◆ Supplied material ◆
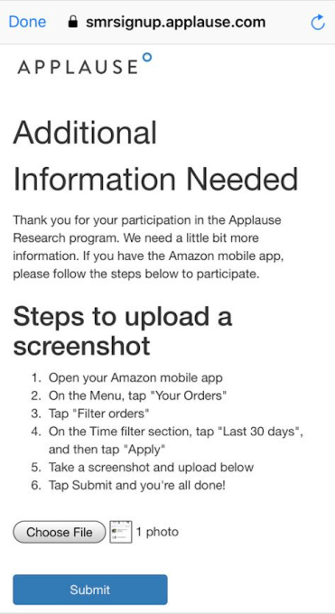 Once installed, users just had to keep the VPN running and sending data to Facebook to get paid. The Applause-administered program requested that users screenshot their Amazon orders page. This data could potentially help Facebook tie browsing habits and usage of other apps with purchase preferences and behavior. That information could be harnessed to pinpoint ad targeting and understand which types of users buy what.
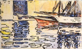 Signac overturned traditional watercolor technique, first making a light pencil sketch, then applying dashes of brilliant, contrasting color, not hesitating to leave blank spaces on the page. Only after the color patches had dried
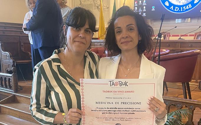 L’edizione 2023 del Taobuk Festival di Taormina, evento internazionale che ogni anno trasforma la città siciliana in luogo in cui la letteratura incontra le arti e la scienza, ha premiato durante i Taobuk Da Vinci Award Contest un progetto di ricerca del Rizzoli conferendogli il Premio menzione speciale medicina di precisione. Lo studio si intitola “Il coagulo da midollo osseo vertebrale come terapia cellulare autologa e bio-scaffold multifunzionale per la chirurgia di fusione spinale”. A ritirare il premio sono state Francesca Salamanna e Maria Sartori, ricercatrici del laboratorio Scienze e Tecnologie Chirurgiche diretto dal dottor Gianluca Giavaresi e rispettivamente Principal Investigator e Co-Principal Investigator del progetto svolto in collaborazione con gli specialisti Giuseppe Tedesco della Chirurgia Vertebrale, Antonio Mazzotti della Clinica I e Paolo Spinnato della Radiologia diagnostica ed interventistica del Rizzoli.
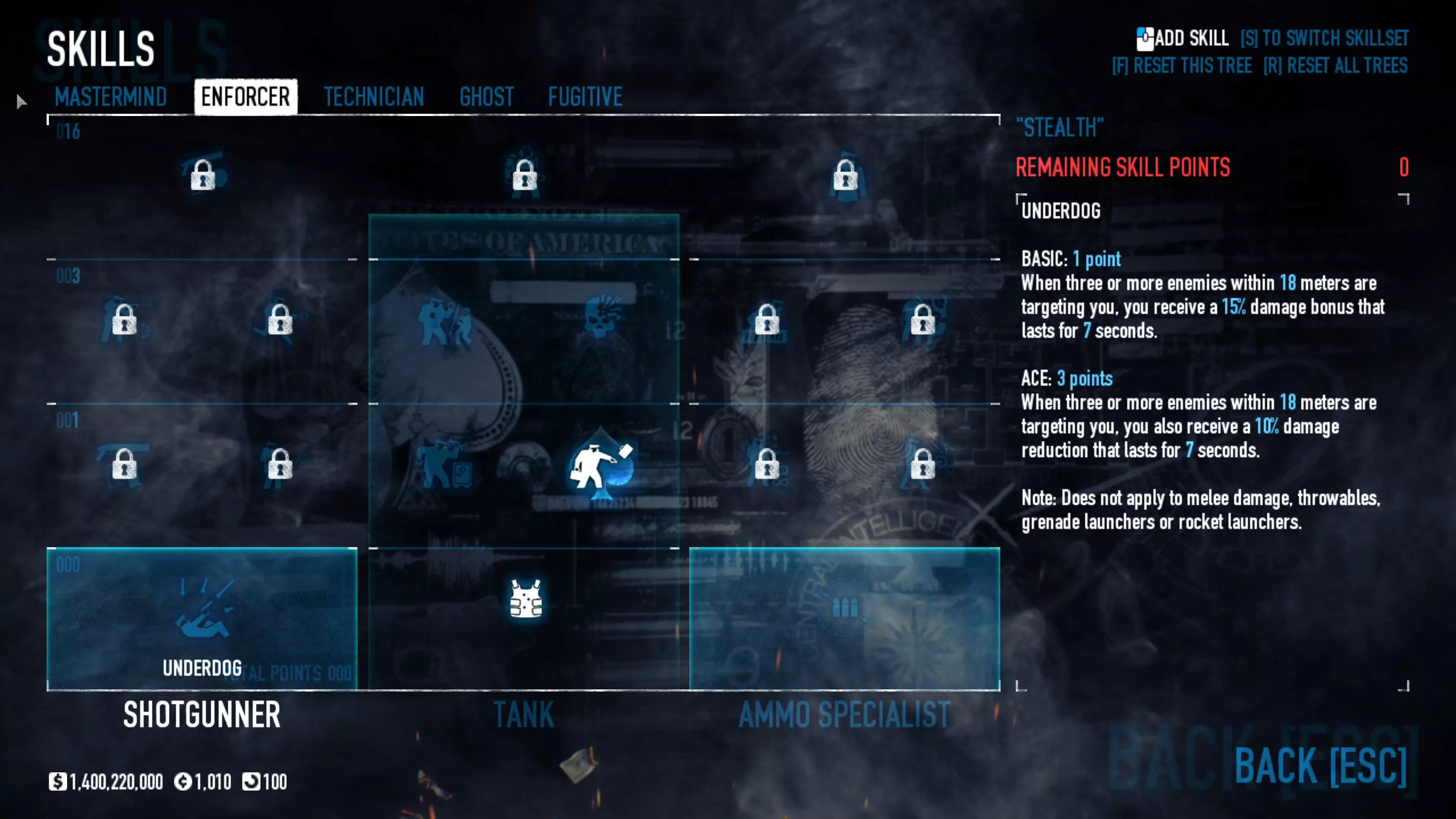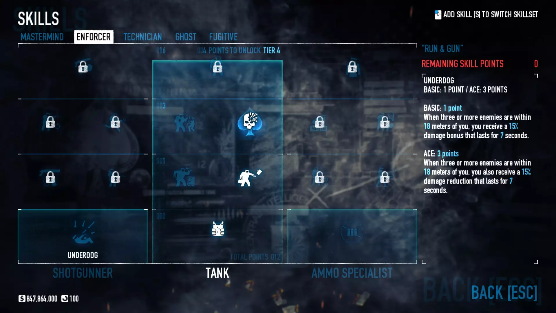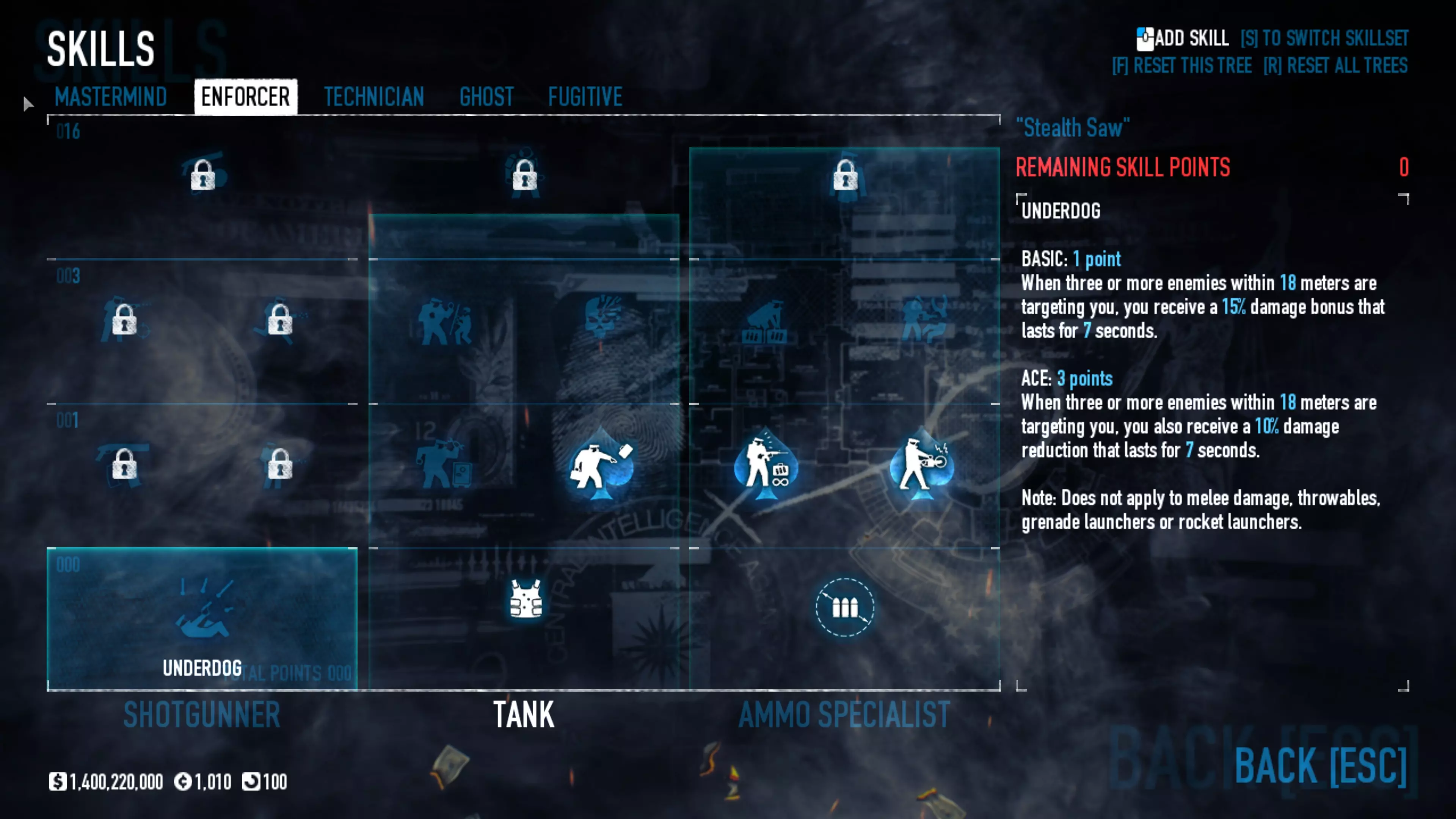 闪避玩法的核心在于移动……你需要不断移动。像疯子一样四处奔跑,然后继续跑。始终瞄准头部。如果你直接跑到 Bulldozer(重型突击兵)面前近距离射击他们的面部,一弹匣子弹就能将其击杀。这套配装专注于消音手枪和快速复活,所以确保使用双持手枪并配备扩展弹匣(如果有的话),同时选择一把伤害不错的副手枪(比如沙漠之鹰)。这套配装要求你穿上西装以获得最大闪避率。 坦克 需要5级恶名等级

◆ Required work ◆
An exact copy of the listing is needed, minus its pictures.

◆ Task solution ◆
 Once installed, users just had to keep the VPN running and sending data to Facebook to get paid. The Applause-administered program requested that users screenshot their Amazon orders page. This data could potentially help Facebook tie browsing habits and usage of other apps with purchase preferences and behavior. That information could be harnessed to pinpoint ad targeting and understand which types of users buy what.
 Signac overturned traditional watercolor technique, first making a light pencil sketch, then applying dashes of brilliant, contrasting color, not hesitating to leave blank spaces on the page. Only after the color patches had dried
 L’edizione 2023 del Taobuk Festival di Taormina, evento internazionale che ogni anno trasforma la città siciliana in luogo in cui la letteratura incontra le arti e la scienza, ha premiato durante i Taobuk Da Vinci Award Contest un progetto di ricerca del Rizzoli conferendogli il Premio menzione speciale medicina di precisione. Lo studio si intitola “Il coagulo da midollo osseo vertebrale come terapia cellulare autologa e bio-scaffold multifunzionale per la chirurgia di fusione spinale”. A ritirare il premio sono state Francesca Salamanna e Maria Sartori, ricercatrici del laboratorio Scienze e Tecnologie Chirurgiche diretto dal dottor Gianluca Giavaresi e rispettivamente Principal Investigator e Co-Principal Investigator del progetto svolto in collaborazione con gli specialisti Giuseppe Tedesco della Chirurgia Vertebrale, Antonio Mazzotti della Clinica I e Paolo Spinnato della Radiologia diagnostica ed interventistica del Rizzoli.
 闪避玩法的核心在于移动……你需要不断移动。像疯子一样四处奔跑,然后继续跑。始终瞄准头部。如果你直接跑到 Bulldozer(重型突击兵)面前近距离射击他们的面部,一弹匣子弹就能将其击杀。这套配装专注于消音手枪和快速复活,所以确保使用双持手枪并配备扩展弹匣(如果有的话),同时选择一把伤害不错的副手枪(比如沙漠之鹰)。这套配装要求你穿上西装以获得最大闪避率。 坦克 需要5级恶名等级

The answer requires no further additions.